Many cloud-based platforms are now available which permit the generation and hosting of graphics to improve scientific reproducibility by bundling scientific figures with their underlying data, version history, and discussion among collaborators. Many such as ParaView, Gephi, and Weave are available as Open source or free. Some versions of business software such as Tableau Public are available free of cost albeit, with limitations.
Plotly integrates a wide variety of existing tools and workflows, and is language flexible, allowing coding analysts to use the most popular data science languages and libraries such as R, Python to create, share and edit charts. For example, an interactive chart created in R can be downloaded and edited in Python using Plotly. The government of India has set up the Open Government Data (OGD) Platform India for visualizing data. The portal, though intended to be used by the Government of India's Ministries/Departments and their organizations, to publish datasets, documents, services, tools, and applications collected by them for public use has, a visualization engine that registered users can use to visualize their own data.
| Discussion|| |
Each visualization technique has its own advantage. Pivot table and Chart with The Drill Down will make the end-user can visualize the data based on the filters. The “drill down” and the “slicer” puts control into the hands of the end-user permitting sub analysis and interpretations. The biggest advantage is that Slicers can be linked to multiple tables or graphs. However, Slicers are useful when the number of options are limited. They have less advanced conditional options than filters. Doughnut chart is a variation on a Pie chart having an extra edge to depict more than one series for comparison in one diagram instead of multiple pies. These Doughnut charts can also be integrated with pivot table options to make it more dynamic. Bubble Charts can be used to depict the variations in health-related states in relation to their determinants. It is easy to understand and many online public health dashboards using it to display the burden of diseases. Motion chart will add animation to it to understand the changes over a time. Scroll and Zoom charts are also useful to understand the changes in the incidence of disease in the given time.
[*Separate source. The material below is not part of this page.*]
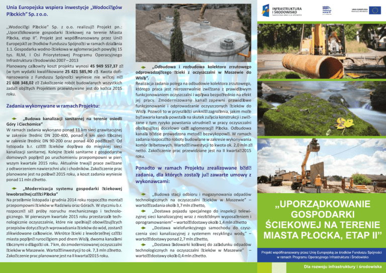 Unia Europejska wspiera inwestycje „Wodociągów Płockich” Sp. z o.o. ,,Wodociągi Płockie” Sp. z o.o. realizują Projekt pn.: „Uporządkowanie gospodarki ściekowej na terenie Miasta Płocka, etap II”. Projekt jest współfinansowany przez Unię Europejską ze środków Funduszu Spójności w ramach działania 1.1. Gospodarka wodno-ściekowa w aglomeracjach powyżej 15 tys. RLM, I Osi Priorytetowej Programu Operacyjnego Infrastruktura i Środowisko 2007 – 2013 Planowany całkowity koszt projektu wynosi 45 949 557,37 zł (w tym wydatki kwalifikowane 25 421 585,90 zł). Kwota dofinansowania z Funduszu Spójności wyniesie nie więcej niż 21 608 348,02 zł. Zakończenie robót budowlanych wszystkich zadań objętych Projektem przewidywane jest do końca 2015 roku. Zadania wykonywane w ramach Projektu: ,,Odbudowa i rozbudowa kolektora zrzutowego odprowadzającego ścieki z oczyszczalni w Maszewie do Wisły”. Realizacja zadania polega na odbudowie kolektora zrzutowego, którego praca jest nierozerwalnie związana z prawidłowym funkcjonowaniem oczyszczalni i wpływa bezpośrednio na efekt jej pracy. Zmodernizowany kanał zapewni prawidłowe funkcjonowanie i odprowadzanie oczyszczonych ścieków do Wisły. Pozwoli to w przyszłości uniknąć zagrożenia, jakim może być awaria kanału powstała na skutek zużycia konstrukcji i związane z tym ryzyko powstania utrudnień w pracy oczyszczalni obsługującej docelowo całą aglomerację Płocka. Odbudowa kanału będzie prowadzona metodą bezwykopową. W ramach zadania rozpoczęto roboty budowlane w zakresie wykonywania komór żelbetowych. Wartość inwestycji to kwota ok. 2,0 mln zł netto. Zakończenie prac przewidziane jest na II kwartał 2015 roku. „Budowa kanalizacji sanitarnej na terenie osiedli Góry i Ciechomice” W ramach zadania wykonano ponad 11 km sieci grawitacyjnej w zakresie średnic DN 200-400, ponad 4 km sieci tłocznej w zakresie średnic DN 90-200 oraz ponad 400 podłączeń. Od listopada b.r. część ścieków dopływa do miejskiej sieci kanalizacji sanitarnej. Kolejne ścieki sanitarne z gospodarstw domowych popłyną po uruchomieniu przepompowni w pierwszym kwartale 2015 roku. Aktualnie trwają prace związane z odtworzeniem nawierzchni ulic i chodników. Zakończenie prac planowane jest na połowę 2015 roku, a koszt zadania wyniesie ponad 11 mln zł netto. Ponadto w ramach Projektu zrealizowane będą zadania, dla których zostały już zawarte umowy z wykonawcami: „Modernizacja systemu gospodarki ściekowej lewobrzeżnej części Płocka” Na przełomie listopada i grudnia 2014 roku rozpoczęto montaż przepompowni ścieków w Radziwiu oraz Górach. W styczniu b.r. rozpoczną się próby rozruchu mechanicznego i technologicznego. W pierwszym kwartale 2015 roku przestarzałe technologicznie oczyszczalnie, które nie spełniają obowiązujących przepisów dotyczących wprowadzania ścieków do wód, zostaną zlikwidowane całkowicie. Wkrótce ścieki z lewobrzeżnej części miasta popłyną rurociągiem pod dnem Wisły, dwoma kanałami tłocznymi o długości ok. 7 km, do zmodernizowanej oczyszczalni ścieków w Maszewie. Wartość inwestycji to ok. 7,3 mln zł netto. Zakończenie prac planowane jest na II kwartał 2015 roku. ,,Budowa stacji odbioru i magazynowania odpadów technologicznych na oczyszczalni ścieków w Maszewie” – wartość zadania około 3,7 mln zł netto, ,,Dostawa pojazdu specjalnego do inspekcji telewizyjnej sieci kanalizacyjnej wraz z niezbędnym wyposażeniem i oprogramowaniem” – wartość dostawy około 1,4 mln zł netto ,,Dostawa wielofunkcyjnego samochodu do czyszczenia sieci kanalizacyjnej z systemem recyklingu wody,” – wartość dostawy ponad 2,7 mln zł netto, ,,Dostawa ładowarki kołowej do załadunku odpadów technologicznych na oczyszczalni ścieków w Maszewie” – wartość dostawy około 0,4 mln zł netto. PRZYŁĄCZ SIĘ, BĄDŹ EKOLOGICZNY! Budowa kanalizacji sanitarnej na terenie osiedli Góry i Ciechomice praktycznie została zakończona. Prawdopodobnie wczesną wiosną przepompownie ścieków zostaną zaopatrzone w energię elektryczną i wówczas ścieki ze wszystkich Państwa posesji będą mogły być włączone do systemu miejskiego. Teraz jest czas na podłączenie się do kanalizacji! W tym celu należy: 1. Wykonać odcinek kanalizacji sanitarnej pomiędzy studnią rewizyjną znajdującą się na działce a budynkiem. Zalecamy zastosowanie następujących materiałów: rur kamionkowych uszczelnianych na uszczelki, z litego polipropylenu lub nieplastyfikowanego polichlorku winylu, o średnicy 160 mm i sztywności min. SN8. Wybudowane przyłącze pozostanie na majątku i w eksploatacji właściciela działki, w związku z tym, w celu uniknięcia w przyszłości awarii należy wybudować ją zgodnie ze sztuką budowlaną i należytą starannością. 4. Po bezusterkowym odbiorze zapraszamy do Biura Obsługi Klienta do siedziby Spółki przy ul. Harc. A. Gradowskiego 11 w Płocku, w celu podpisania umowy na odprowadzanie ścieków. Kontakt telefoniczny do Biura Obsługi Klienta - 24 364 42 30 lub 24 364 42 32. Do podpisania umowy niezbędne są: aktualny tytuł prawny do nieruchomości (wypis z księgi wieczystej, akt notarialny lub inny), w przypadku współwłasności nieruchomości - pełnomocnictwa do reprezentowania współwłaścicieli wydane osobie działającej w ich imieniu z czytelnym podpisem, wzór druku do pobrania na stronie internetowej: www.wodociagi.pl/artykul/wnioski-i-formularze-do-pobrania Dokument taki jest niezbędny do jednoznacznego sprecyzowania w umowie prawa własności właściciela nieruchomości. dowód osobisty. 5. Jednocześnie informujemy, iż na potrzeby zawarcia umowy na odprowadzanie ścieków, nie jest konieczne opracowanie projektu technicznego przyłącza kanalizacyjnego na odcinku od studni do budynku. Podłączenie do sieci kanalizacyjnej przyniesie wymierne korzyści każdemu użytkownikowi, m.in.:

Colours in the matrix plot will enable the end-user to understand the variation of morbidity and mortality rates or outliers in the given data. It will give a quick understanding of poor performing and good performing geographical units. Choropleth maps are another type of matrix plot in which geographical units are filled with colours based on the given data. It will enable end-users to understand the relation with geographical location and their health outcomes. Choropleth maps can be converted into heat maps by using interpolation analysis techniques in geographical information system tools to identify the actual hot spots. Voronoi polygons can be overlaid on the choropleth maps or heat maps to make assumptions about the possible risk factors that are causing health inequalities in the given area. Spiral Plot can be used to show changes in the health outcomes in a prolonged period in a short place. Specific temporal patterns in health data can be understood with the help of spiral plots. Simple line diagrams can also be converted into interactive predictive graphs, with help of forecasting analysis techniques such as Autoregressive integrated moving averages techniques, to make assumptions about the future burden of the disease in the same geographical area.
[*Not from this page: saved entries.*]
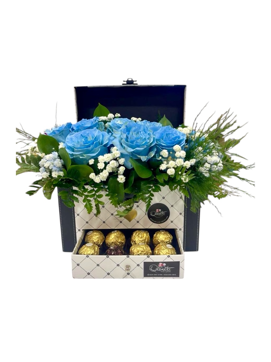 Caja elegante con rosas azules naturales y compartimiento de chocolates. Una combinación perfecta de dulzura y distinción para sorprender a lo grande.
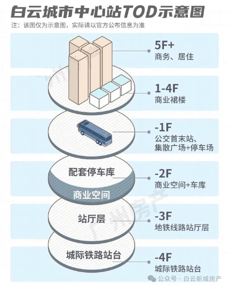 约7万㎡的白云城市中心站场综合体,整个站场以垂直立体式的TOD模式打造,涵盖地下商业空间、停车场、公交车首末站、集散广场,以及多层的商业裙楼。
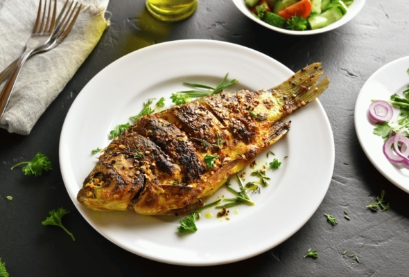 سمك بلطي + أرز + سلطة
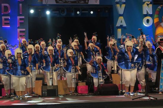 La tercera agrupación en subir al escenario del Recinto Ferial fue la afilarmónica Las Revoltosas, con diseño de Manuel Camejo y dirigidas por Lina Martín.
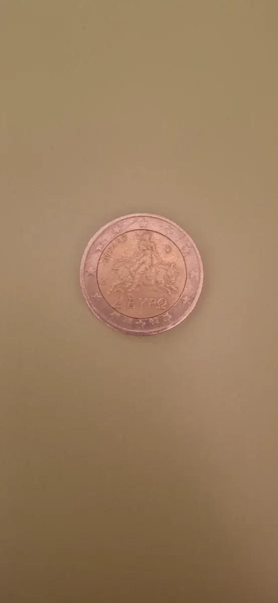 Moneta da 2 Euro. - Dritto: raffigurazione di un personaggio mitologico. - Rovescio: valore nominale e mappa dell'Europa. - Anno: 2004.
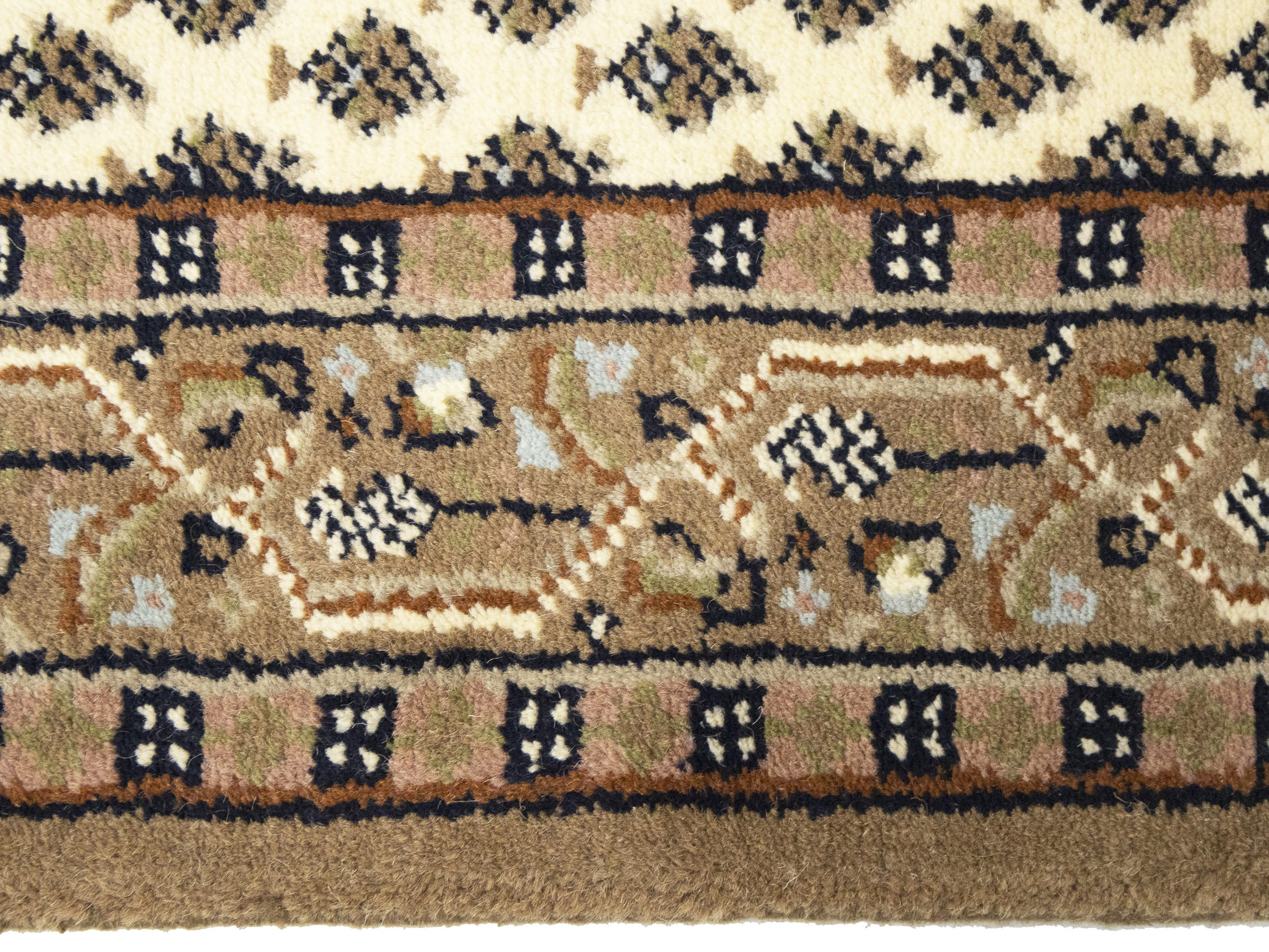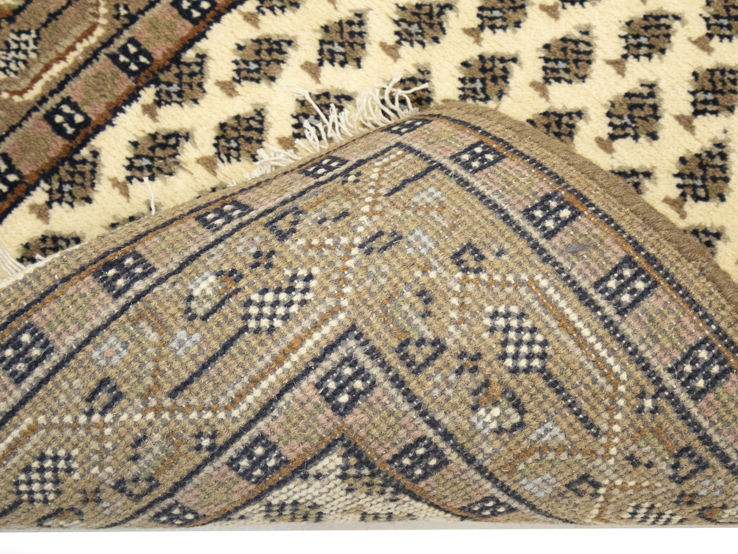 This authentic 2'5X9 cream new Oriental runner was crafted by the hands of skilled weavers enthused by a variety of lovely artistic designs, to recreate the aged look of the unique piece with a richness of color and beautifully elaborated background field. What set this vintage style Oriental area runner from the others are the material and dye used (wool pile and cotton foundation), knot count, ancient designs, fantastic grades, and its regional historical connection: it has deep roots, from the story of the people who produced it to the meaning of the symbols and colors displayed across its canvas that have been praised for centuries. This Indian home décor carpet will be completely cozy and inviting that never will go out of style! Also, this Oriental rug would be among your most valuable treasures, it is a great investment that increase in value over time, and it will last for generations because was woven with high-quality, all-natural wool. Environmentally friendly, opulent yet affordable; this runner will give you a thorough amount of character to help define your living space with sophistication and warmth that will capture the eyes and attention of your audience (homeowners, designers, decorators, family and friends). OT-6529

Although different software and platforms came into existence for creating these types of visualizations of data and for disseminating information interactively, Information visualization or InfoVis is yet to have clearly defined boundaries. It is not about pretty pictures or statistical graphics. One perfect visualization configuration may not answer a question. The process requires trying out different visualization techniques, settings, filters, and using interaction to probe the data. Visualization and visual analytics use images, but the images are only one part of the visualization. Andrew Gelman and Antony Unwin re-plotted Nightingale's data. Though less visually striking, it showed the data and their patterns much more clearly. The trends and departures from trend were clearer when plotted directly as time series. However, Florence Nightingales' graph did the job of attracting attention to the problem, highlighting the need to balance the aesthetics and the underlying data in visualizations.
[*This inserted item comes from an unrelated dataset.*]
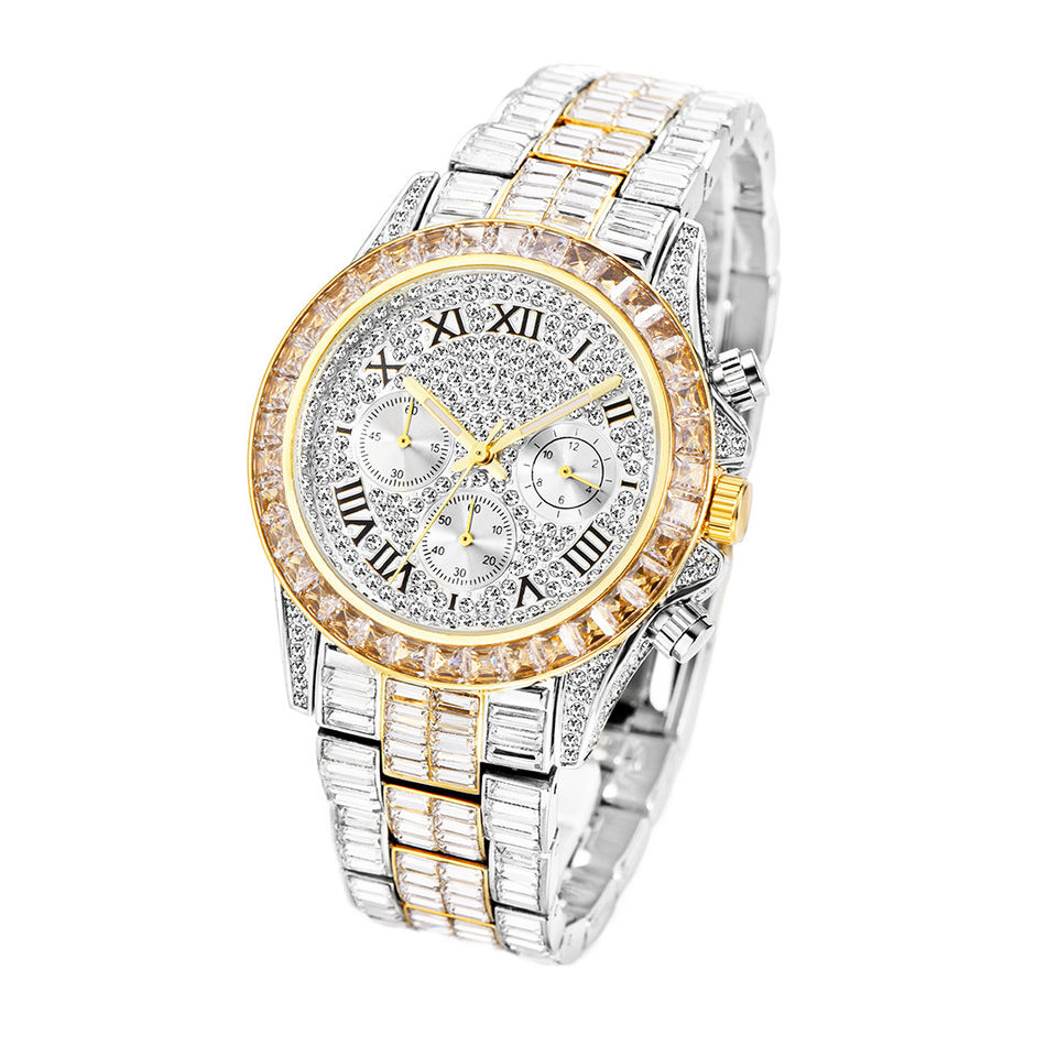 Fully Iced Out VVS Moissanite Diamond Stainless Steel Customized Design Round Dial Hip Hop Watches For Men

Hesse et al. envision three domains for health-related data 1) Personal Health Information: data collected by individuals on their own health practices with body monitors e.g., continuous blood glucose monitoring 2) Clinical Health Information with Electronic Health Record (EHR) systems 3) Public Health Information. Visualization of these data is becoming extremely useful for the first two domains. For example, the FreeStyle Libre Glucose monitoring systems visualization is changing the way diabetics can be diagnosed and treated. Interactive visualizations help clinicians and patient safety managers query EHR databases to understand the patterns of use and increase patient safety. For clinical trials dependant on large warehouses of patient data, visualization can reveal data quality problems, support powerful temporal queries or even identify cohorts of patients matching selection criteria. An important subset of Clinical Health Information is that of Genomic Data.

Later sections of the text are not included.